Reduced IL-10 expression during secondary flu responses. (A) WT or IL-10 KO mice were infected with 0.1LD₅₀ A/PR8 (H1N1) and on stated days post primary infection, mice were challenged with 300 LD₅₀ A/Philippines (H3N2) and monitored for weight loss (n=5 mice / group).
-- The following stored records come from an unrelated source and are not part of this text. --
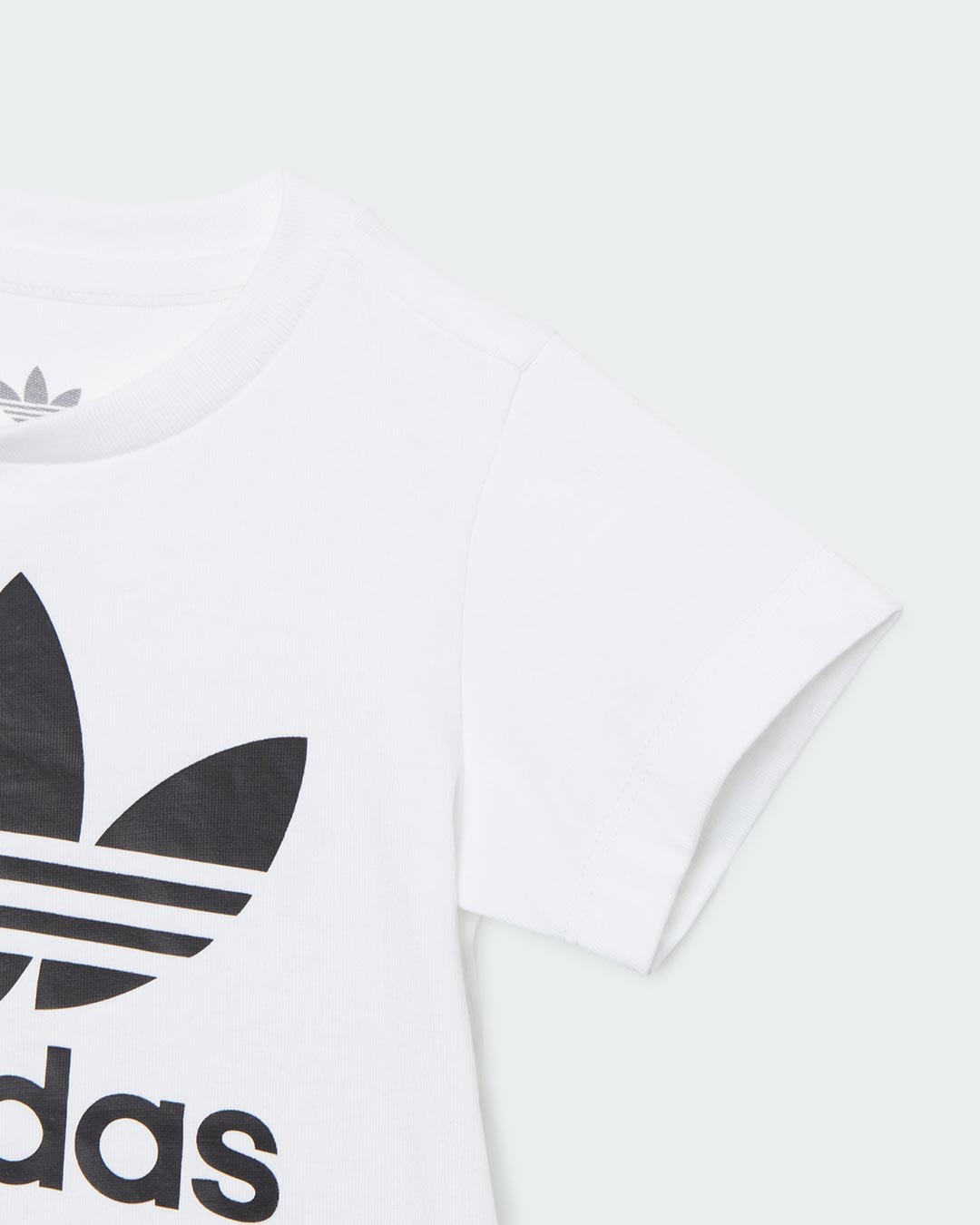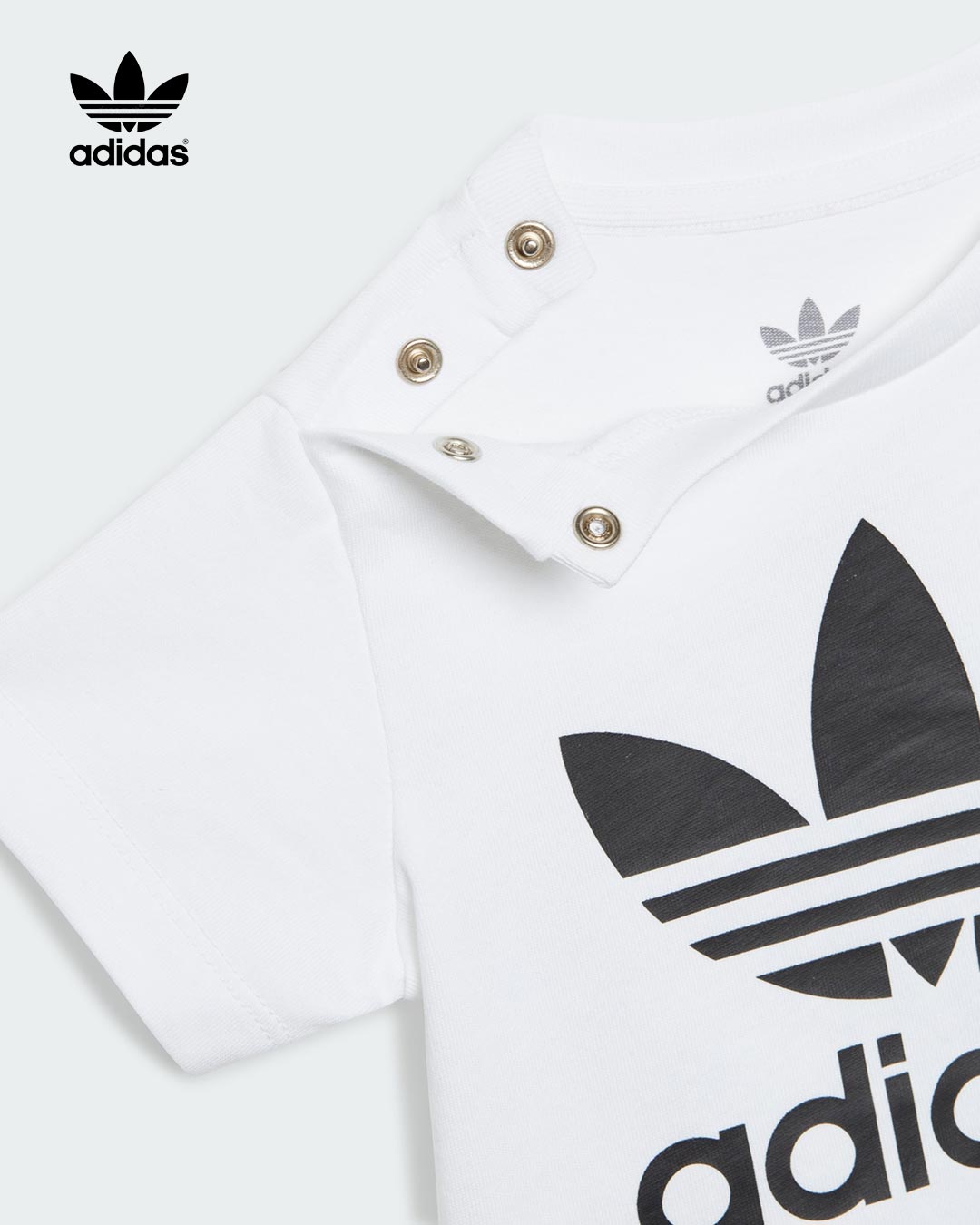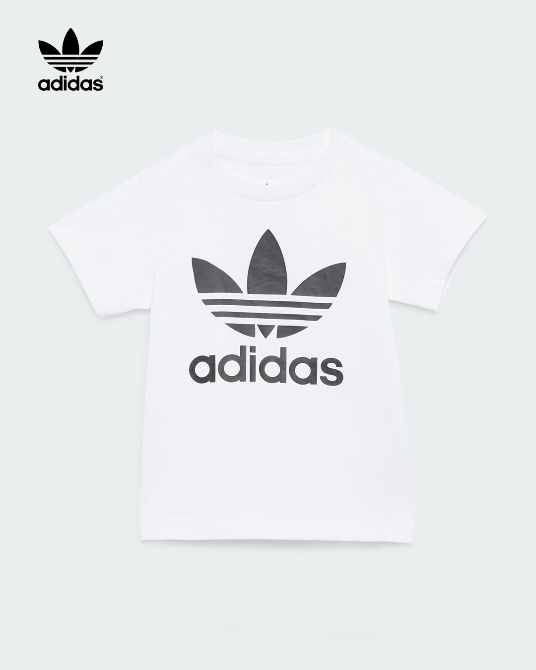 Share your love of sport and classic adidas style with your little one in this infants' t-shirt. Part of the heritage-inspired Adicolor collection, it features an oversized Trefoil logo to connect them to decades of athletic tradition. Soft single jersey and a ribbed crewneck finish off the classic and comfortable look. Regular fit Ribbed crewneck with snap-button shoulder 100% cotton Imported Product color: White Product code: JE0520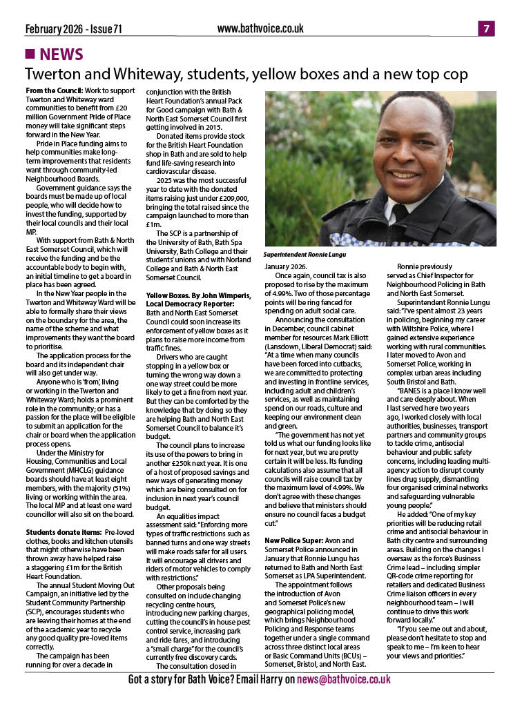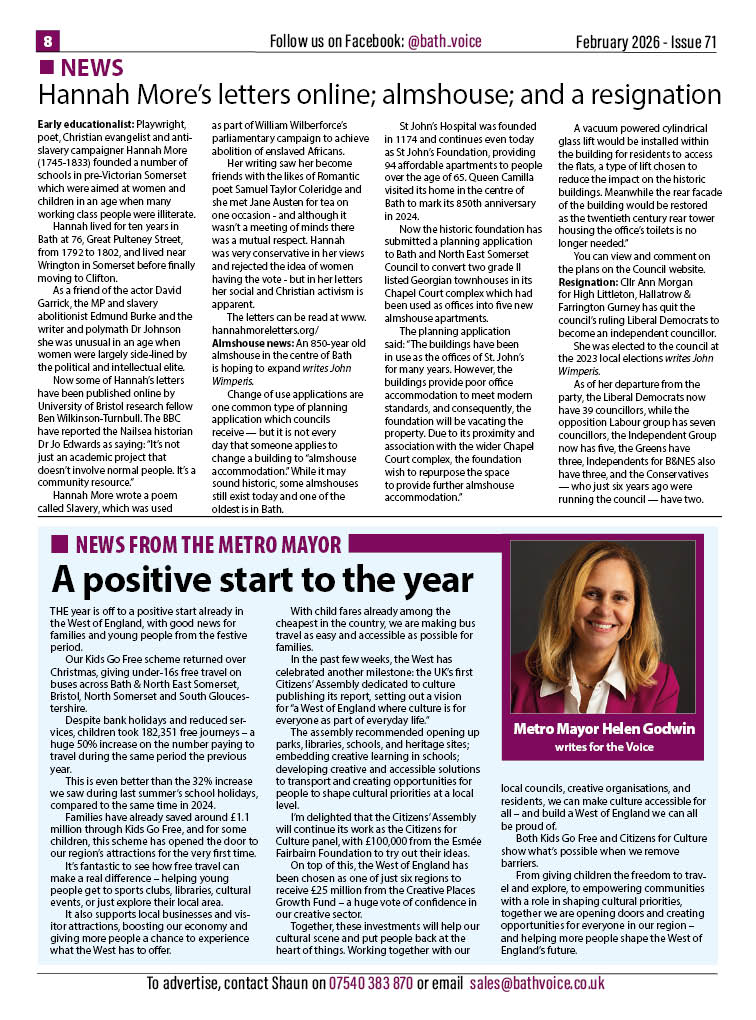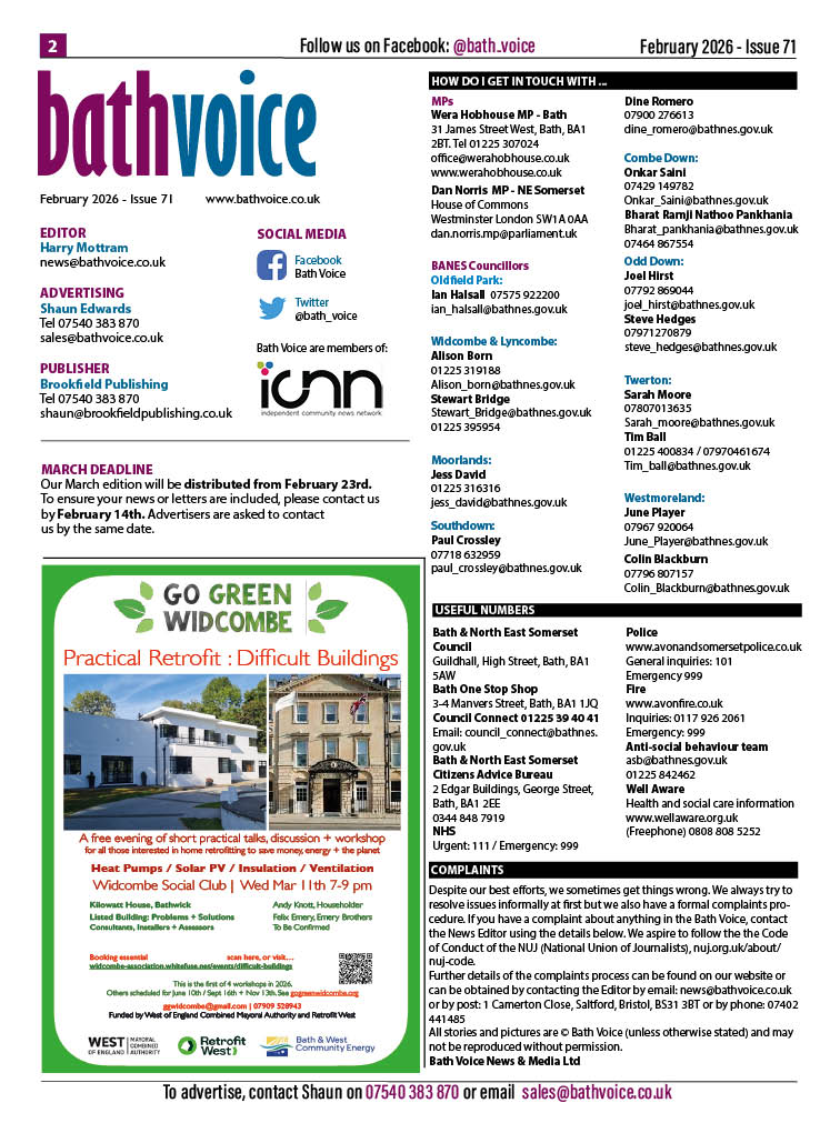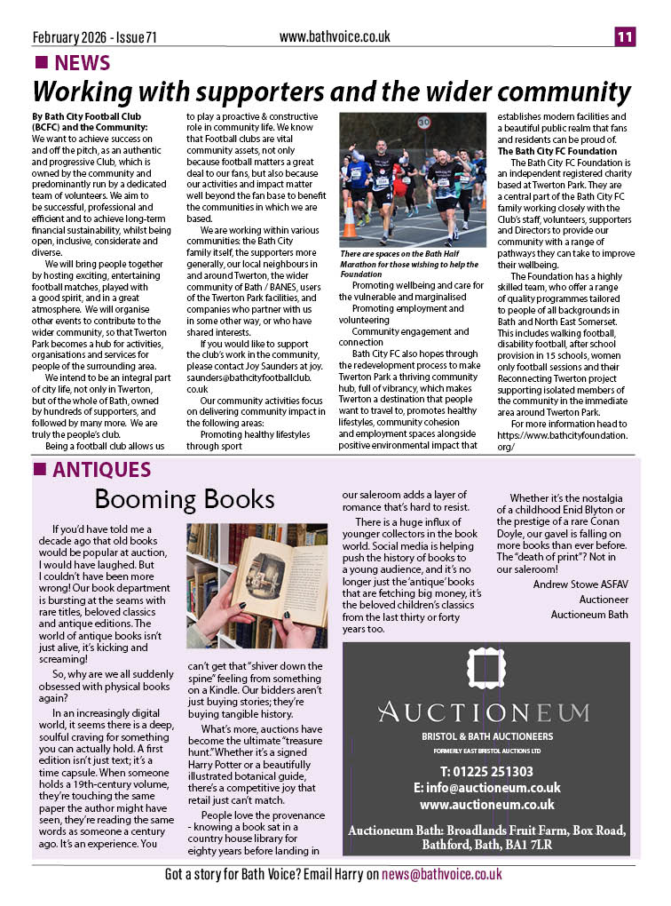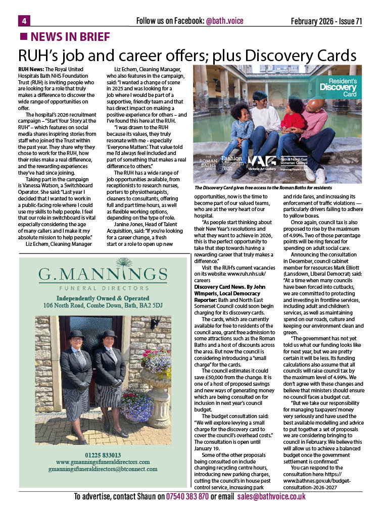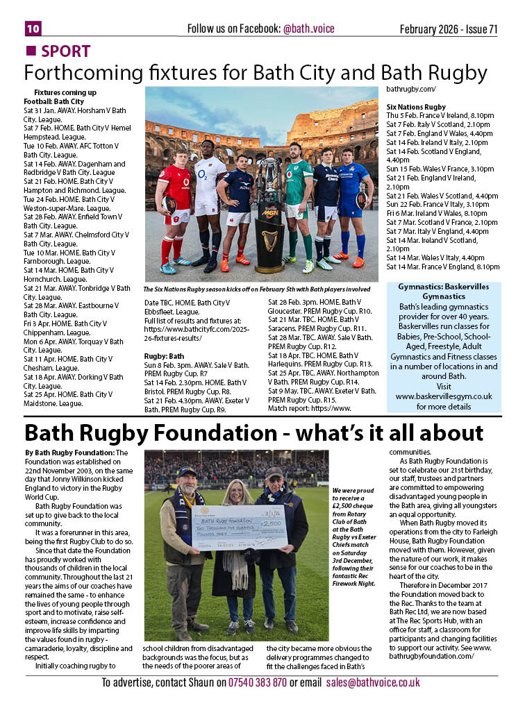 By Harry Mottram: The latest edition of Bath Voice – the city’s leading monthly newspaper is out now with features, letters, sport, what’s on, news and views – plus much more. It is free to thousands of homes in Bath and is available from selected outlets such as shops and libraries. On our website and social media we post regular news and sports results – on a daily basis – so ensure you follow Bath Voice online: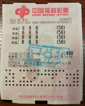5月23日,家住黔西南州贞丰县的刘女士凭借豹子号888喜中福彩3d直选100注,奖金合计104000元。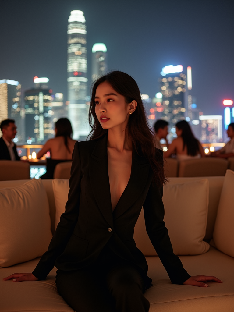 model sitting on an elegant outdoor couch in a luxurious setting. model is wearing a stylish black outfit. The backdrop features a stunning city skyline at night, with brightly lit skyscrapers creating a sophisticated ambiance. The scene suggests an upscale lounge or rooftop setting, with ambient lighting and other patrons visible in the background. The overall vibe is relaxed yet classy, emphasizing luxury and exclusivity.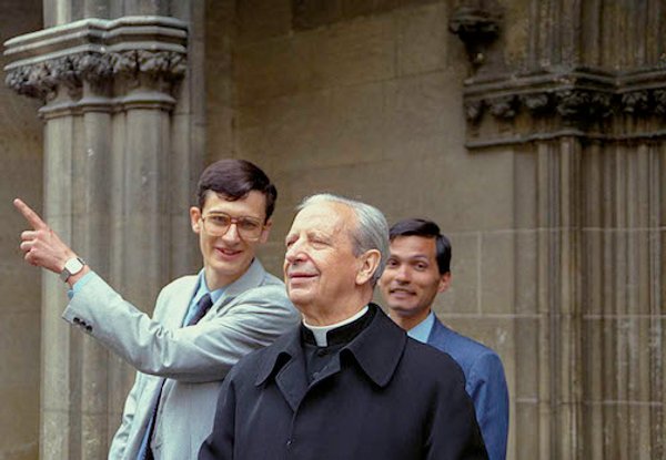 Vers la fin des années 1980 j’étais l’un des collaborateurs du Vicaire de l’Opus Dei pour la France, Mgr Augustin Roméro, appelé par la suite par le cardinal archevêque de Paris à remplir les fonctions de Vicaire judiciaire pendant de longues années. Il y avait là des gens formidables, je ne citerais que le souvenir de François-Xavier Guerra, qui désormais se consacrait déjà à temps plein à son enseignement en Sorbonne et qu’un cancer emporterait en 2002 : historien doté d’une étonnante puissance spéculative, c’était un esprit libre, totalement habité par la charité. L’ambiance était simple et joyeuse, et les balivernes qu’on entendait parfois sur l’Opus Dei prêtaient à sourire : nous cédions facilement à la galéjade, comme on dit dans ma Provence natale. Insouciance ? Confiance dans la Providence ? Don Alvaro, que nous appelions familièrement « Père », logeait évidemment chez nous lorsqu’il venait nous voir ou qu’il passait par Paris, par exemple lors de voyages aux États-Unis ou en Allemagne. Je me souviens qu’un après-midi nous lui avons remis Le Monde et Le Figaro, qu’il remercia avec un sourire : « Pourquoi deux quotidiens ? Un seul me suffit ! » C’était pour lui, je pense, une manière de profiter du temps et, dans son cas, de se contenter du nécessaire. Mais ce qui me frappait le plus c’était son humilité.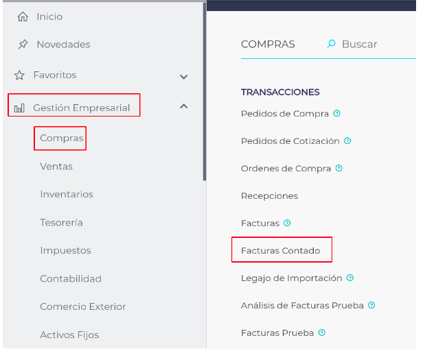 - Ingresar desde Menú - Gestión Empresarial - Compras - Factura Contado.
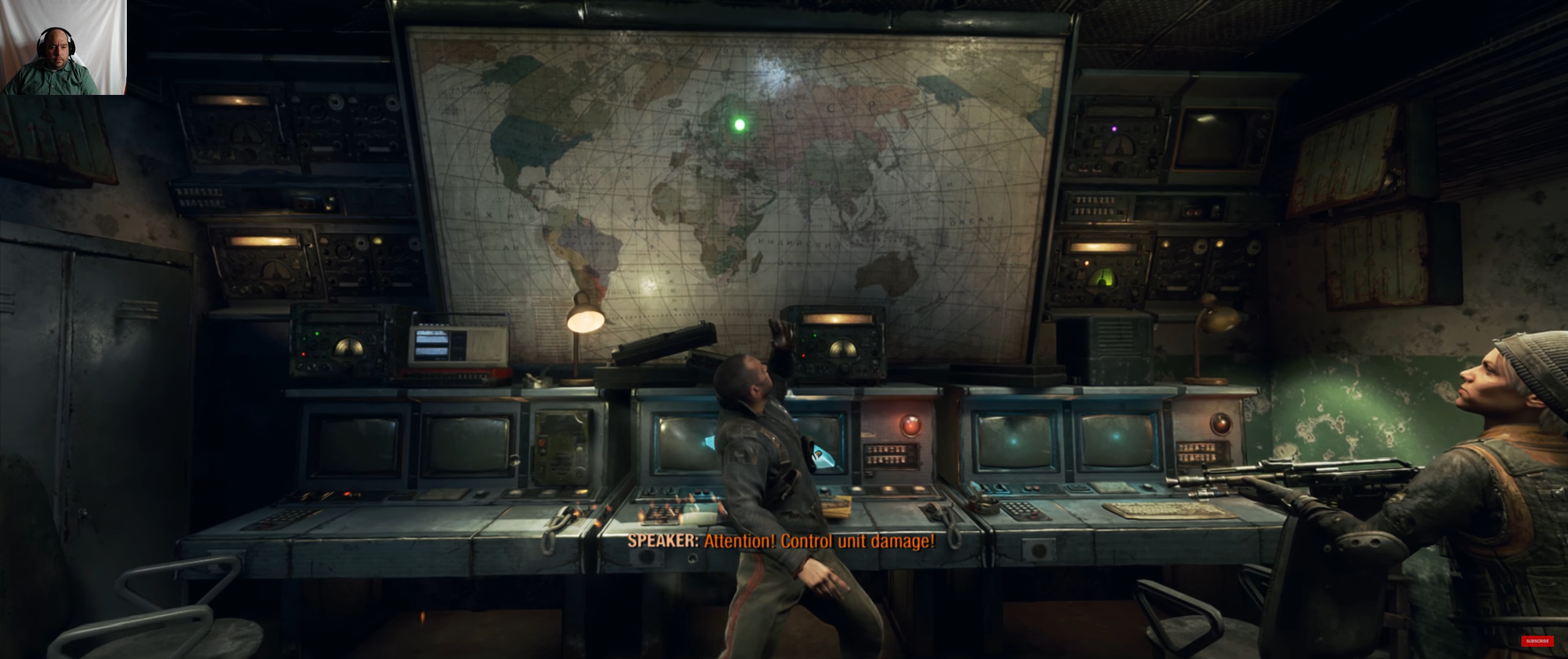 Anna quickly gets back up and pushes the commander aside when we hear the speaker mention that the control unit has been damaged.  The equipment is the radio jammer that stops all of Russia from hearing each other, this is what stopped us from knowing there was other people out there.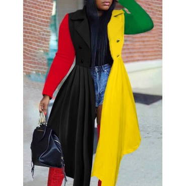 Lovely Stylish Turndown Collar Ruffle Design Patchwork Yellow Trench Coat
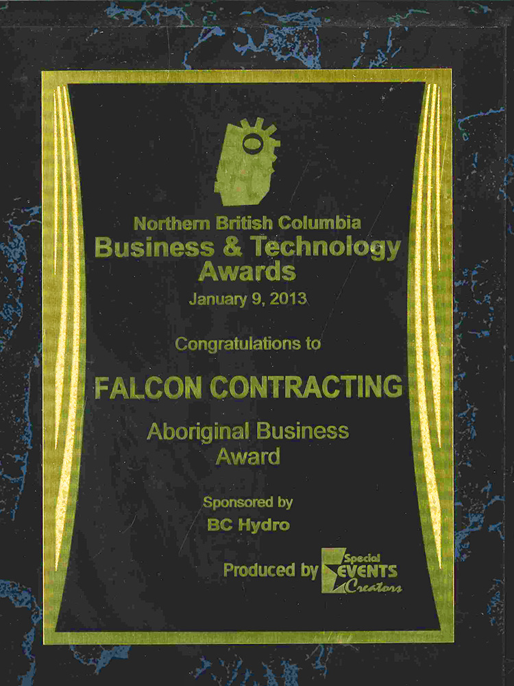 "Falcon Camp Services Inc. is pleased to announce that the remote workforce accommodation company along with heavy civil construction arm, Falcon Contracting Ltd. will be recognized with an Outstanding Achievement Award for First Nations Business of the Year at the fourth annual BC First Nations Business Awards in Vancouver, BC on November 26, 2012.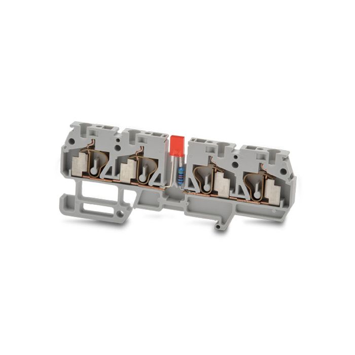 DINnector single-level screwless terminal block, with 12-24 VAC/DC LED, two-connection to two-connection, 24-12 AWG, gray, 20A, 12-24V. 10 pieces per package.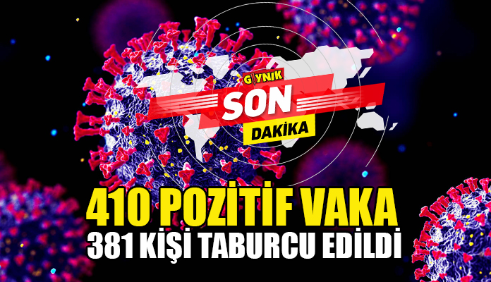 Sağlık Bakanlığından yapılan açıklamaya göre son 24 saatte ülkemizde 10.968 test yapıldı, 410 pozitif vakaya rastlandı ve 381 kişi taburcu edildi.

No primed mice succumbed to secondary challenge. (B) After naïve HNT cell transfer, lung and dLN resident donor cells were assayed for IL-10 production by ICCS on stated days post 0.1LD₅₀ A/PR8 challenge. (C) 2×10⁶ naïve or memory HNT cells (Th1-polarized rested effectors) were transferred to naïve hosts subsequently infected with 1 LD₅₀ A/PR8. On stated days, lungs (n=3 / group) were analyzed for IL-10 message. (D) Lung homogenates (n=3 mice / day) from naïve mice infected with 1 LD₅₀ A/PR8 and from mice primed 60 days previously with A/PR8 and challenged with 300 LD₅₀ A/Philippines were analyzed for IL-10 expression. Data in B-D is representative of 2 independent exp.